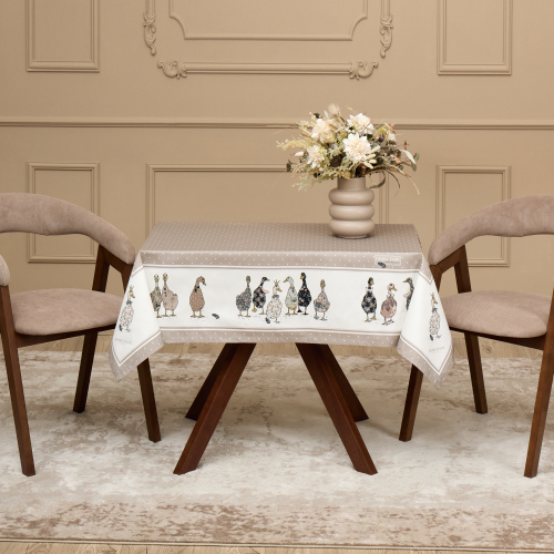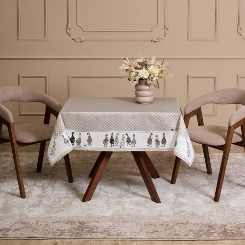 СКАТЕРТЬ "FAMILY FARM" 110Х140СМ , 100% ХЛОПОК, КАПУЧИНО , ТВИЛ, ПРОПИТКА
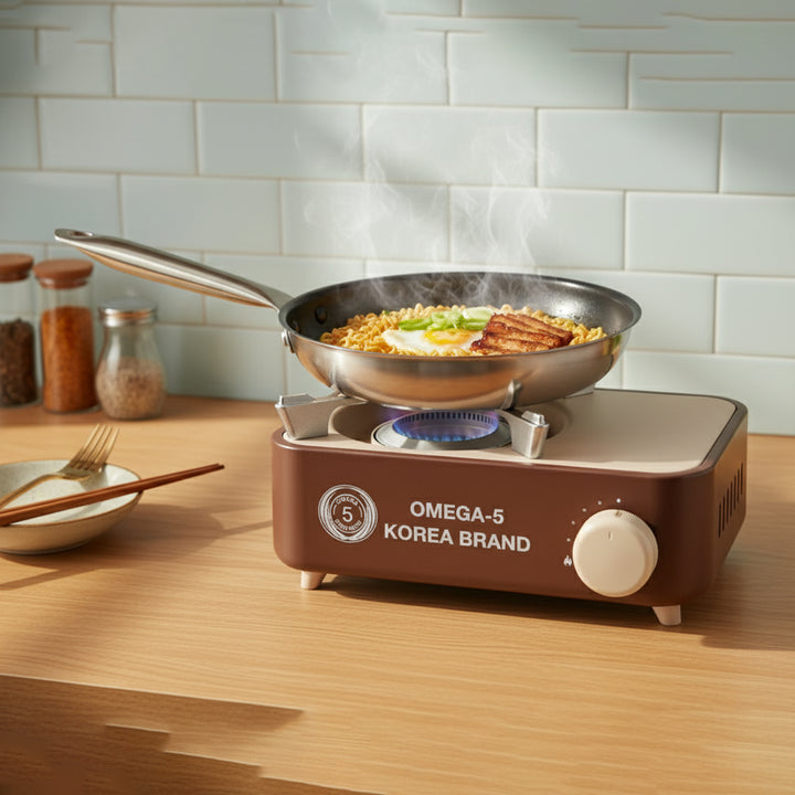 The QD-MINI Omega-5 Portable Gas Stove combines sleek design with powerful performance, making it an essential companion for outdoor adventures and home use. Built with Korean-quality precision, this stove features a secure magnetic locking system for safe fuel installation, ensuring convenience and peace of mind. Its compact size, stylish two-tone finish, and durable construction make it perfect for camping, picnics, or quick cooking anywhere.
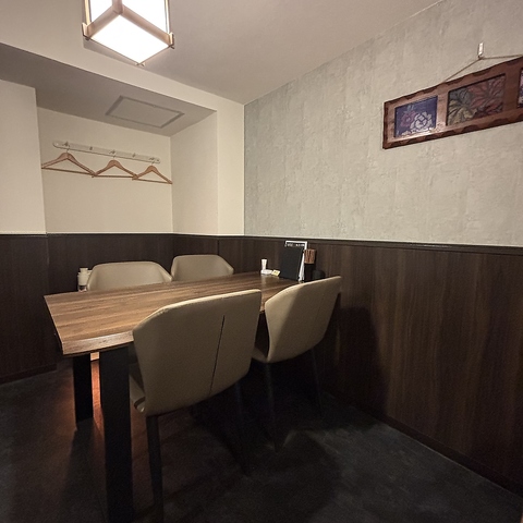 カウンター席に加え、お仕事帰りやご家族でも利用しやすいテーブル席を2卓ご用意。プライベート感ある空間でごゆっくりお寛ぎください。

• _Task goal_: Starting at the line that holds "The QD-MINI Omega-5", retype every line through the end of the data, both ends included. Pictures stay out of the copy.

• _Response to this exercise_:
 The QD-MINI Omega-5 Portable Gas Stove combines sleek design with powerful performance, making it an essential companion for outdoor adventures and home use. Built with Korean-quality precision, this stove features a secure magnetic locking system for safe fuel installation, ensuring convenience and peace of mind. Its compact size, stylish two-tone finish, and durable construction make it perfect for camping, picnics, or quick cooking anywhere.
 カウンター席に加え、お仕事帰りやご家族でも利用しやすいテーブル席を2卓ご用意。プライベート感ある空間でごゆっくりお寛ぎください。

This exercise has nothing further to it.